Once the install has finished DO NOT REBOOT YET because there is some additional work to do from the EFI tutorial I referenced above.

# /mnt/sbin/newfs_msdos sd0i
# mount /dev/sd0i /mnt2
# mkdir -p /mnt2/efi/boot
# cp /mnt/usr/mdec/BOOTX64.EFI /mnt2/efi/boot

Now you should be free and clear to reboot the laptop.  If all goes well, you should be presented with the passphrase prompt to decrypt your boot partition.
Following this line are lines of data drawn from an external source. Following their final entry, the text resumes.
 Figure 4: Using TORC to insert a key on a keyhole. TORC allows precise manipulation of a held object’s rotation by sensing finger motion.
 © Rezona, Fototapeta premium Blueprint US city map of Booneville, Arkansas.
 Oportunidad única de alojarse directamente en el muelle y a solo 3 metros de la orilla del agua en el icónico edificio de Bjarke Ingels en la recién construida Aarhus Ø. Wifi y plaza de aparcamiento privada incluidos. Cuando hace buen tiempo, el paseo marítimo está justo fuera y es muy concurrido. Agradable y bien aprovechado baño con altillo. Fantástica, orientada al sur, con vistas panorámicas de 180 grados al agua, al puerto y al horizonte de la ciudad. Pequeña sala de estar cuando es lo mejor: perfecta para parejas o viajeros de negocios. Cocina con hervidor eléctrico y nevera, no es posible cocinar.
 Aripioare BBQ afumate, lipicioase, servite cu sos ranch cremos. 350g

Be patient, it took nearly 30 seconds for it to come up on my system.  Reminds me of when you don’t have a default boot volume selected on OS X.  Oh well, a mystery for another day.

After the reboot and logging in as my root user, I modified /etc/fstab to add “,softdep,noatime” to all of my read/write partitions and also a line for /dev/sd0b as my swap partition.

Now that I have this done, since there isn’t a functional WiFi device (yet) on this platform, I plugged in my handy-dandy little ASUS USB-N10 USB adapter, installed the firmware from (it’s the rsu one) into the /etc/firmware directory using a thu, rebooted and configured my network:

# ifconfig rsu0 nwid MYNETWORK wpakey MYKEY
# ifconfig rsu0 up
# dhclient rsu0

Now I need to add my PKG_PATH to be able to install binary packages.  I added the following to my .profile file:

export PKG_PATH=`machine -a`/

After logging out and back in, I then installed my desktop of choice, Gnome as follows based on this post:

# pkg_add gnome
# echo 'multicast_host=YES' >> /etc/rc.conf.local
# echo 'pkg_scripts="messagebus avahi_daemon gdm" >> /etc/rc.conf.local

A quick reboot then shows me I can log into Gnome.  What’s astonishing is that the HiDPI stuff in Gnome seems to be working perfectly out of the box!